**EXERCISE DETAILS**:
Repeat the listing word for word. No pictures belong in the copy.

**SUPPLIED MATERIAL**:
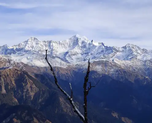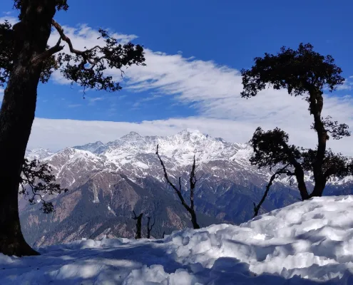 Trek from Kuari to Mukta Tal. The trail transitions from forested paths to rocky alpine terrain. Reach Mukta Tal, a serene alpine lake surrounded by stunning Himalayan views. During winter, snow blankets the area, offering spectacular sights of Bandarpoonch, Kalanag, and the Gangotri massif.
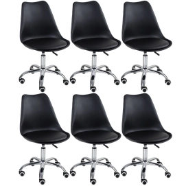 Kit 6 Cadeiras Tulipa para Escritório com rodízios e assento estofado – Preto
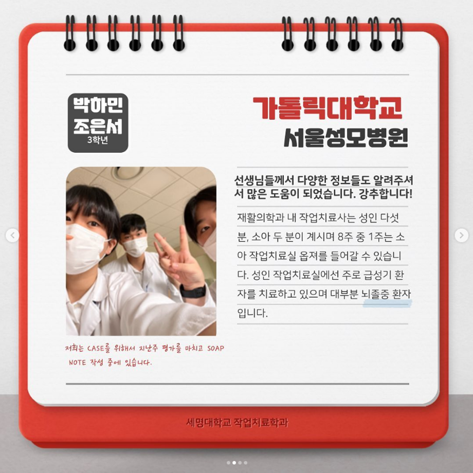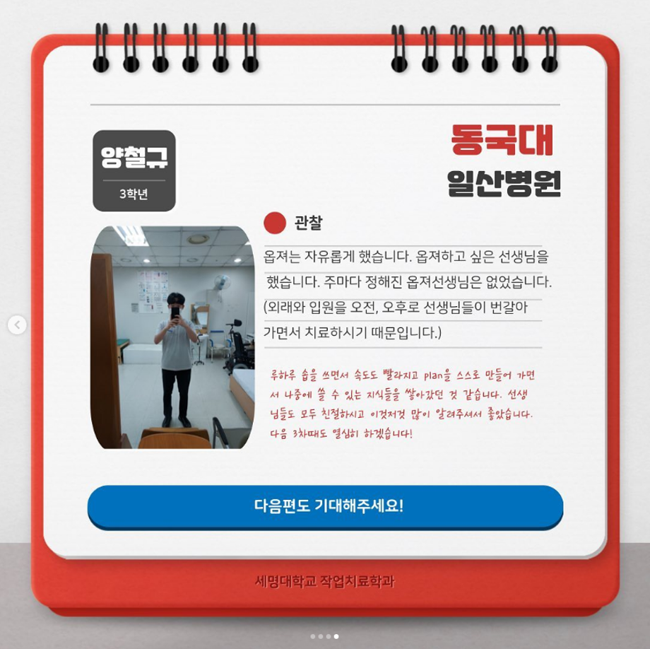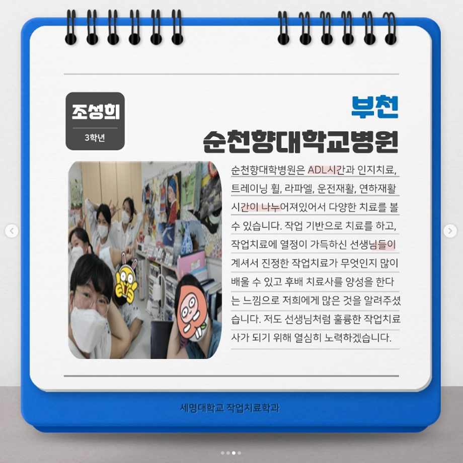 본문 시작 홈으로 커뮤니티 학과소개 진로 및 취업 학과과정 커뮤니티 SNS 홈페이지가이드 학과 소식 및 행사 학과공지 학과 소식 및 행사 대학생활 엿보기 어쩌다 출근 챌린지 학생회 동아리 통학버스 시간표 학과 소식 및 행사 페이스북 트위터 프린트 2022 실습후기모음 (아동파트 대학병원, 종합병원) 작업치료학과 4795 2022-11-01 목록 이전동아리 소개 [초코파이] 다음 동아리 소개 [지태사] 담당부서 : 작업치료학과 담당자 : - 연락처 : 043-649-1632 최종수정일 : 2024-10-26 만족도조사 만족도 조사 이 페이지에서 제공하는 정보에 대하여 만족하시나요? 매우만족 만족 보통 불만족 매우불만족

**OUTPUT BELOW**:
 Trek from Kuari to Mukta Tal. The trail transitions from forested paths to rocky alpine terrain. Reach Mukta Tal, a serene alpine lake surrounded by stunning Himalayan views. During winter, snow blankets the area, offering spectacular sights of Bandarpoonch, Kalanag, and the Gangotri massif.
 Kit 6 Cadeiras Tulipa para Escritório com rodízios e assento estofado – Preto
 본문 시작 홈으로 커뮤니티 학과소개 진로 및 취업 학과과정 커뮤니티 SNS 홈페이지가이드 학과 소식 및 행사 학과공지 학과 소식 및 행사 대학생활 엿보기 어쩌다 출근 챌린지 학생회 동아리 통학버스 시간표 학과 소식 및 행사 페이스북 트위터 프린트 2022 실습후기모음 (아동파트 대학병원, 종합병원) 작업치료학과 4795 2022-11-01 목록 이전동아리 소개 [초코파이] 다음 동아리 소개 [지태사] 담당부서 : 작업치료학과 담당자 : - 연락처 : 043-649-1632 최종수정일 : 2024-10-26 만족도조사 만족도 조사 이 페이지에서 제공하는 정보에 대하여 만족하시나요? 매우만족 만족 보통 불만족 매우불만족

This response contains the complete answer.